X-BAT’s vertical takeoff; it goes into reheat which is also termed as afterburner, and lifts off like a rocket. Is that fully unassisted, there’s no boosters, there’s enough thrust-to-weight ratio in that design with a payload to get that off the cradle and up into forward horizontal flight with just the engine. The fundamental constituent of this defence marvel is that other VTOL systems, like the F-35B, need a complicated like lift fan system, Osprey needs the tiltrotors. But X-BAT is a straight-up tail sitter, simple F-16 propulsion train, single engine down the middle, afterburning engine, and the afterburner gives a thrust-to-weight needed to take off.
Many fighter jets today actually have a thrust-to-weight ratio greater than one anyway, in many configurations. And the way that the VTOL control is achieved is with a thrust vectoring nozzle that was originally developed for an F-15 program in the late ‘90s. It was called ACTIVE [Advanced Control Technology for Integrated Vehicles].

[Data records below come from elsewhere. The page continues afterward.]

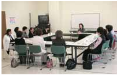
国広講師によるマナー研修

し、1月に防府地区、その他地域と順次行います。本年は、①仕事をする上でお客様にいい印象をもっていただくための基本的な言葉使いとマナーについて、②クレーム及び事故の発生事例とその対応・対策について、③基本的な資機材の使い方についての3つのテーマに研修を行っています。少しでも楽しく、有意義に仕事をしていただくために、我々も内容を考えて研修会を実施していきますので、参加された皆さんも、何かしらのヒントをつかんで実践に生かして下さい。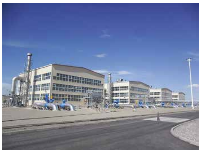
Компрессорные цеха 3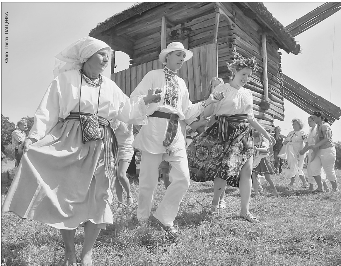
У Пирогові свято меду перетворили на народні гуляння

Гості також побували на "Ярмарку ідей", де було представлено технічні новинки вітчизняного бджільництва. Крім того, вперше за чотири роки у Пирогові провели Всеукраїнський медовий чемпіонат, де пасічники з різних регіонів змагалися у 33 номінаціях, дві з них — "Мед глядацьких симпатій" та "Медовий напій глядацьких симпатій" — "судили" не журі, а гості. Головою ж експертного журі став Норман Волш — всесвітньо відомий знавець природних ласощів, дворазовий володар Кубка світу з якості меду, кавалер ордена Британської Імперії. Розважальна програма також містила багато приємних сюрпризів для глядачів. Серед них: конкурс краси "Медова княгиня України-2008", концертна програма, що об'єднала фольклорні колективи з різних куточків України, богатирські ігри, майстер-класи народних умільців, давньоукраїнські танки та бойові мистецтва. Шанувальників цілощого продукту привітали зірки української естради Анатолій Матвійчук та Ірина Шинкарук. Завершилося ж святування Парадом хоругв українських бджолярських братств та запаленням найбільшої у світі воскової декоративної свічки — як пам'ять про жертви Голодомору 1932—33 років ●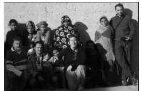
ABENDUAN, MENDEBALDEKO SAHARAN IZANDAKO HAINBAT USURBILDAR.

Orain, ordea, aukera ederra daukagu gure elkartasuna adierazteko. Gure aha-lerin txiki bat, eurentzat laguntza handikoa baita. Egun hauetako erosketa zerrenda luzeetan, langostino edota txanpainarekin batera, konpresak, atuna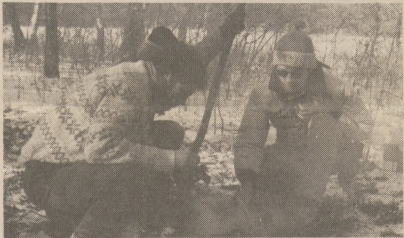
Choć śnieg i zawieje, harcerz na wycieczkę wieje.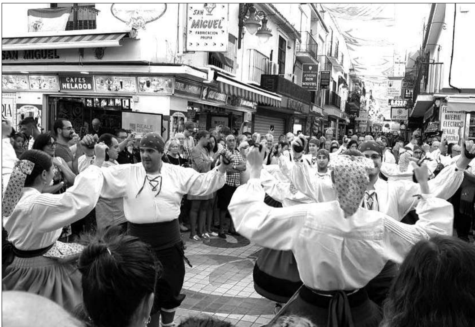
Las calles abarrotadas para presenciar la muestra del grupo procedente de la comunidad de Madrid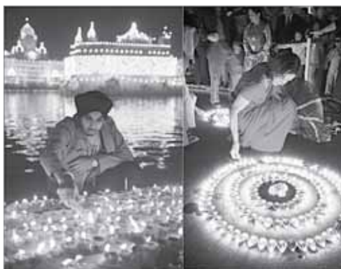
Индийский праздник света Дивали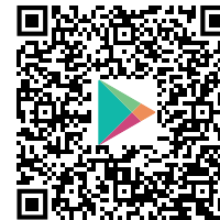
SENTRON Configuration App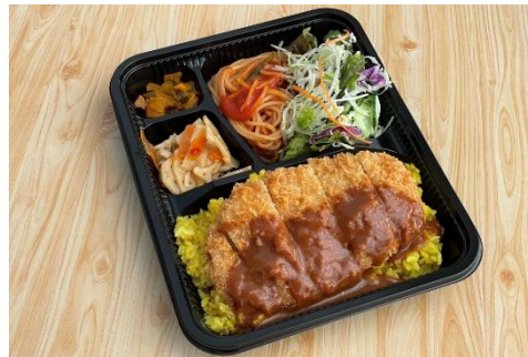
AC-02 トルコライス弁当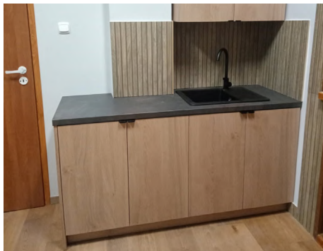
Świetlica w Kozińcach

Jaworówka – zakup altany do samodzielnego montażu przez mieszkańców sołectwa;

X-BAT’s vertical landing; it comes in and does a cobra manoeuvre to go from horizontal to vertical, and then it translates down. The inlet is highly engineered to be able to accommodate that transition, and then also work well in vertical orientation, additional to the horizontal orientation. But the trajectory is shaped to ensure that it never like ‘blanking the inlet’ [where the engine suffocates due to airflow blocked by the airframe], allowing unintermittent airflow.

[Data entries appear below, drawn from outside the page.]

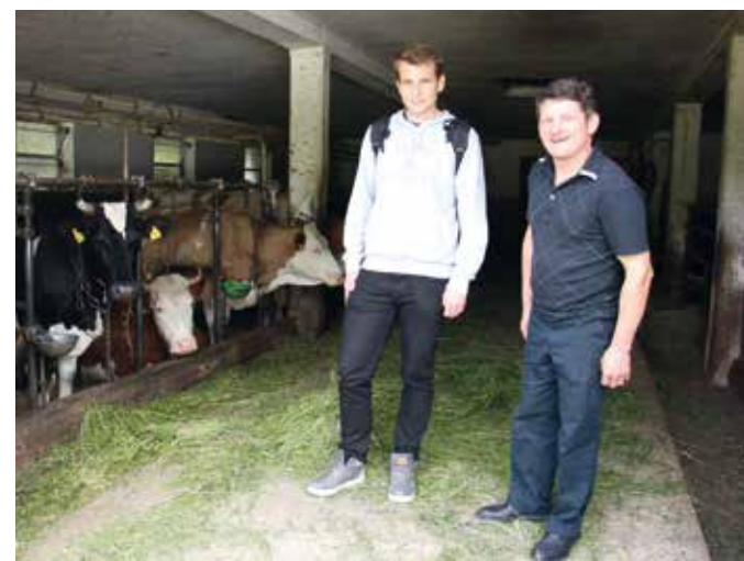
Hlev iz leta 1980 bo potreben preureditve, še zlasti zaradi zahtev po načinu reje v ekološki živinoreji.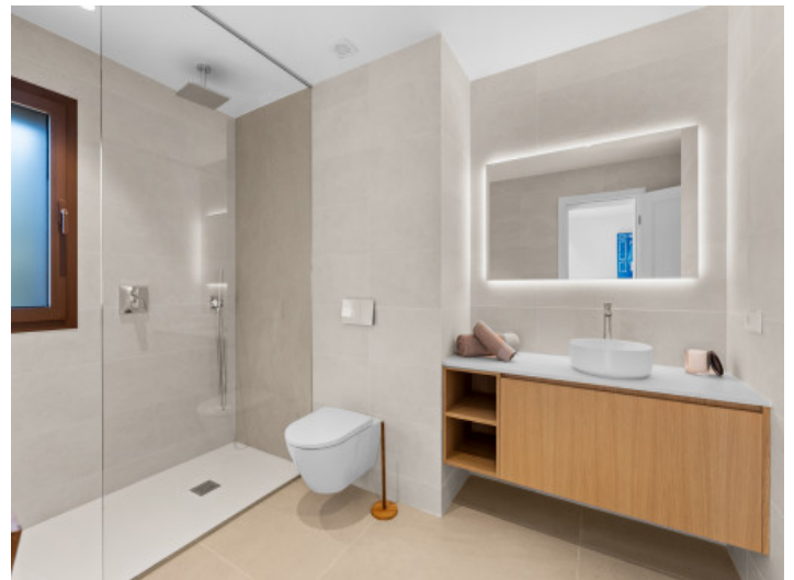
Modernes Badezimmer en Suite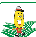
厚沢部町 Assabu Town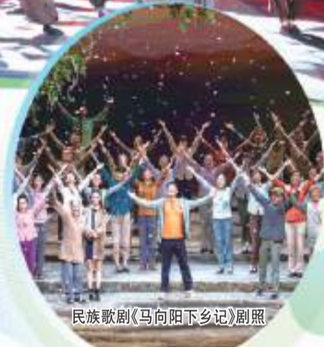
民族歌剧《马向阳下乡记》剧照

新春伊始，青岛演艺集团大戏好戏轮番上演。大年初二，儿童剧《小蝌蚪找妈妈》开启春节贺岁档首场演出，《工匠·鲁班》《皇帝的新装》等儿童剧，《乐激扬》2023新春流行演唱会《2023新春交响音乐会》《玉兔迎春》相声小品晚会等，《野猪林》《扈家庄》《失·空·斩》京剧名家名段演唱会等京剧……34场形式多样的文艺演出丰富了青岛市民文化生活。接下来，还将陆续上演“春之景”折子戏专场《三岔口》《春闺梦》《游龙戏凤》，民族歌剧《马向阳下乡记》，致敬新时代工匠精神的现代京剧《东方大港》等。这些高水准的精品演出，为市民献上精彩纷呈的文化盛宴。

The Cobra Manoeuvre, also known as Pugachev’s Cobra or Pugachev Cobra, is a spectacular, dramatic, and demanding aerobatics manoeuvre in which an aircraft flown at a moderate speed suddenly raises its nose to the vertical position—and beyond—before dropping the nose back to horizontal flight. The aircraft reaches a 90–120° angle of attack during the Cobra. The Cobra manoeuvre is named after the Soviet test pilot Viktor Pugachyov, who first performed the Cobra manoeuvre publicly in 1989 at the Paris Le Bourget air show, and shocked the Western spectators who couldn’t believe it. The Soviet Union still existed at this time. However, the Cobra was first executed by Sukhoi test-pilot Igor Volk in a test flight (in the Soviet Union). The classic Cobra was done using only standard aerodynamic controls. Today, it is easier to do with Vector Thrust.